The feasibility of auditing the “cloud” -- in this case, network services provided by Sprint and MCI for DHS -- was debated, with Langevin and GAO officials on one side and Charbo on the defensive. One of the carriers misconfigured DHS firewalls, and DHS has admitted that it did not audit the Sprint cloud, passing the buck to the National Cyber Security Division at DHS, Langevin said. But NCSD said that job belongs to Charbo’s office. Auditing the cloud is “essentially auditing the Internet,” Charbo said. GAO has reviewed the cloud at the Centers for Medicare and Medicaid Services (CMS), and CMS took “immediate aggressive action” following GAO’s recommendations, Wilshusen said. Langevin asked if that contradicted Charbo’s portrayal of auditing. “It can be done,” Rhodes said. Langevin called “disturbing” Charbo’s admission that he did not know how long the firewalls were misconfigured, but Charbo said he would check. He also will check to see when topologies for the three local area networks were last updated.
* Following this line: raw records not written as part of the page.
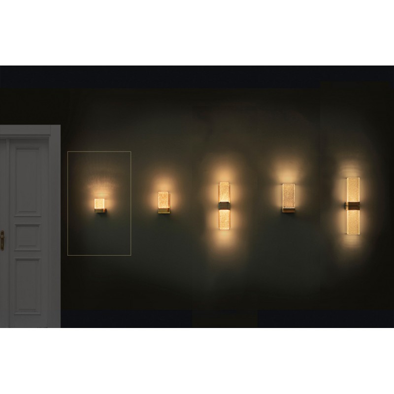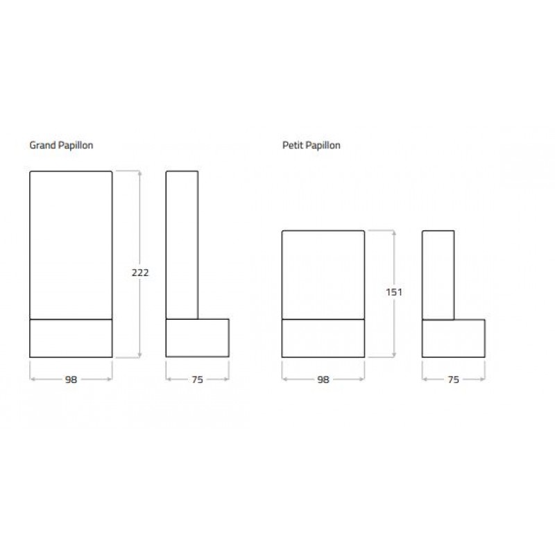 The PETIT PAPILLON wall light is an art object in itself on every wall. The reflection of light on the rear side of the glass beams onto the wall, the edge of the glass is satinated to create a homogeneous light surface on the wall. The timeless design of the PAPILLON wall lights is additionally emphasized by the element of the backplate. The backplate being this "canvas" on which the minimalistic and pure beauty of the PAPILLON wall light design is revealed with all clarity. Through the fine materiality and simple elegance of the new “backplate” the iconic design of the PAPILLON sconce receives an even more distinctive charisma. The light reflections on the wall develop a unique light play that accentuates the classy compactness of the wall light.
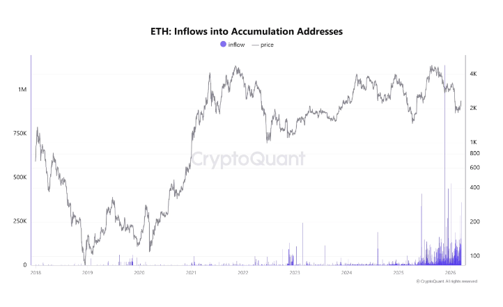 流入图表所呈现的内容更为直观地反映了相关情况。以太币流入到积累地址的数量大幅增加,达到了自 2018 年以来图表上所能看到的最高水平之一,而在最近这段时间,蓝色的流入柱状图甚至接近了 100 万以太币的区间。
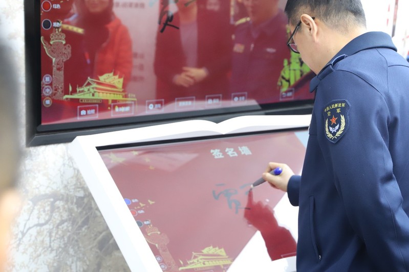 随后中国人民解放军空军研究院代表在电子签名墙上签字留念。

DHS does not deny the gravity of its security incidents but is handling them according to procedure, Charbo said. “Spillage” of classified e-mail onto unclassified networks sometimes results in revoked clearances, he said, promising Thompson that he will check to see how many personnel were disciplined for spillage. Unapproved laptops that contractors plugged into DHS network facilities never actually got network access, he said; such plug-ins trigger an alarm and ejection of the contractors. That is a large problem, Rhodes said. “Contractor staff are so pervasive,” owning and operating many systems for DHS: “Therefore they have free rein.” Charbo said he does not know of every security incident, but if it “impacts the mission,” he will.

IT security requires far less of the DHS budget than the committee is being told, Charbo said. Gartner recommends 3-8 percent of the IT budget, with the high end reserved for “an organization that’s just getting started,” he said. The percentage rose in 2004 when DHS was planning for its tech inventory, and the budget is only flat now for “policy and oversight,” not actual spending on gear and services, he said. Rep. Bob Etheridge, D-N.C., said results should drive DHS spending. Etheridge harped on the rarity with which Charbo seemed to get briefed on incidents. “You don’t know what you don’t know, sir,” Charbo said: “That’s an effort that we'd appreciate some help on” from the committee.